Vegan Eggnog Ice Cream
- 1/3 cup agave nectar
- 1 1/2 cups coconut milk
- 1 cup coconut cream
- 1/4 cup custard powder or cornstarch
- 4 tbsp plant milk (I prefer oat)
- 2 tsp vanilla extract
- 3 tbsp spiced or dark rum
- 1/2 tsp nutmeg
- 1 cinnamon stick
1. Measure out the agave nectar, coconut milk and cream and add it to a pan with the vanilla extract, rum, nutmeg and cinnamon. Bring the mixture to a simmer. The liquid should be hot, but not boiling.
2. While you’re heating up your cream mixture, warm-up 4 tbsp of plant-based milk in the microwave for around 20 seconds and then add in the custard powder to make a paste.

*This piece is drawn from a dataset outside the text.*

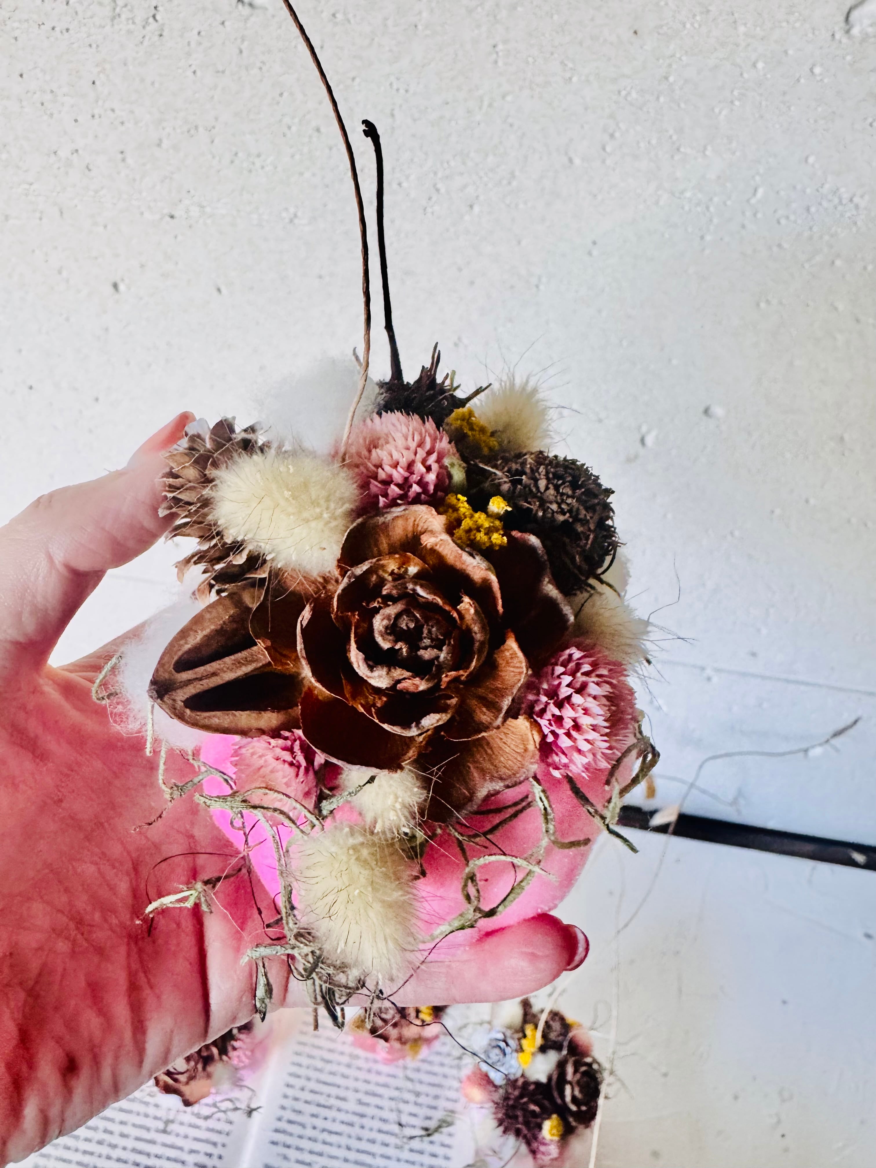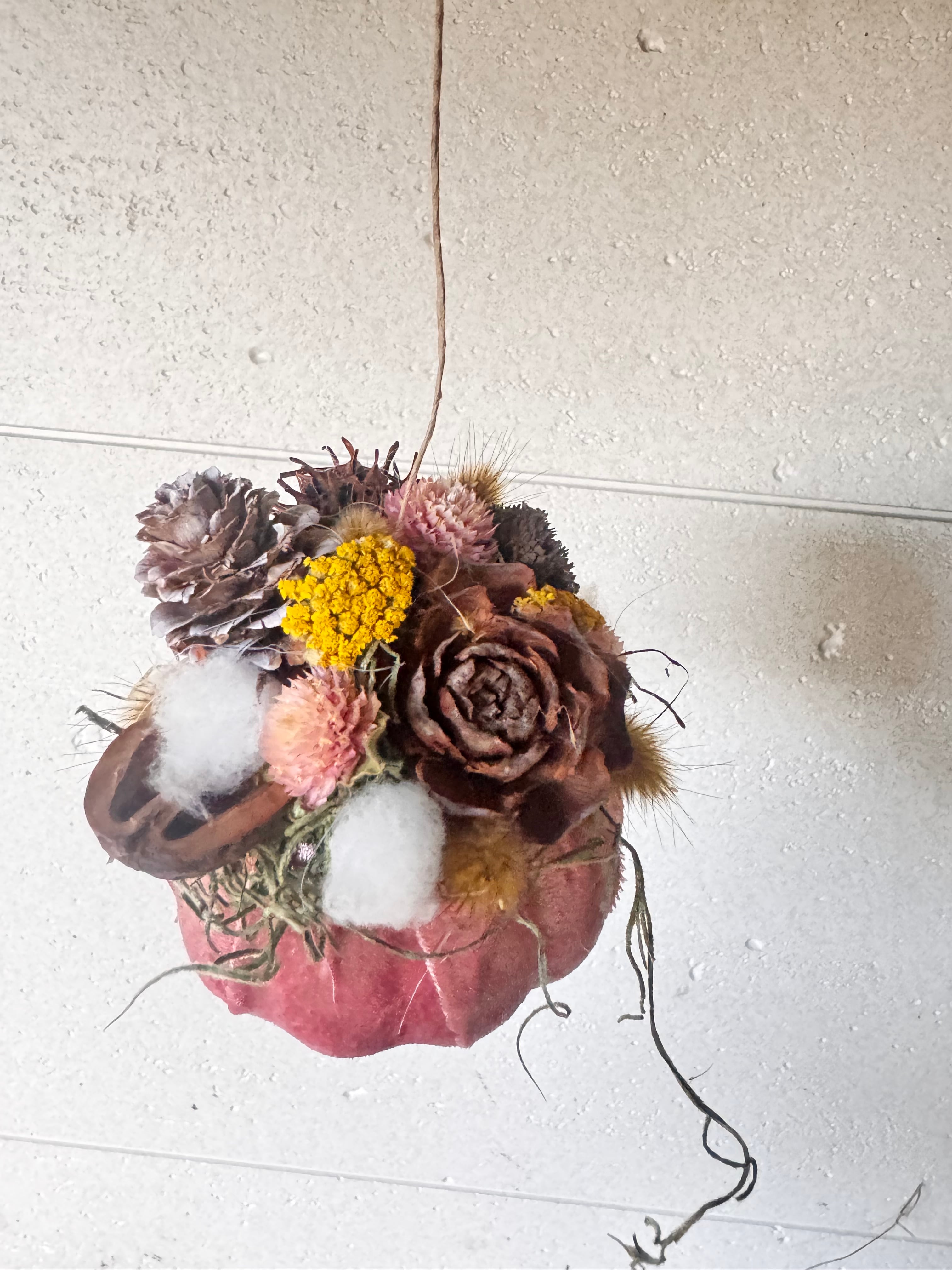 木の実やドライフラワーをたっぷりとあしらった、秋らしいパンプキン型のオーナメントです。

3. Then, stir the custard into the cream mixture and use a non-electric whisk to mix it all through, making sure everything is incorporated.
4. Once the mixture is cohesive you’ll need to pour it through a sieve to retrieve the cinnamon and any random lumps of custard. After this, whisk the mixture once more to make sure there are air bubbles incorporated into the ice cream.
5. Once whisked, pour the mixture into some tupperware and place some damp baking paper on top to stop the custard from forming a skin.
6. Leave the mixture for around 40 minutes until it has cooled and then take off the baking paper and place the mixture in the freezer. (Unless you have an ice cream maker, in which case, use the ice cream maker per its instructions).
7. If you’ve placed your mixture into the freezer you’ll need to check it around every 30–40 minutes for up to 3 hours to churn. This is to ensure that the ice cream will be smooth and without any ice crystals.
8. After about 8–10 hours (or overnight) your ice cream should be ready to eat.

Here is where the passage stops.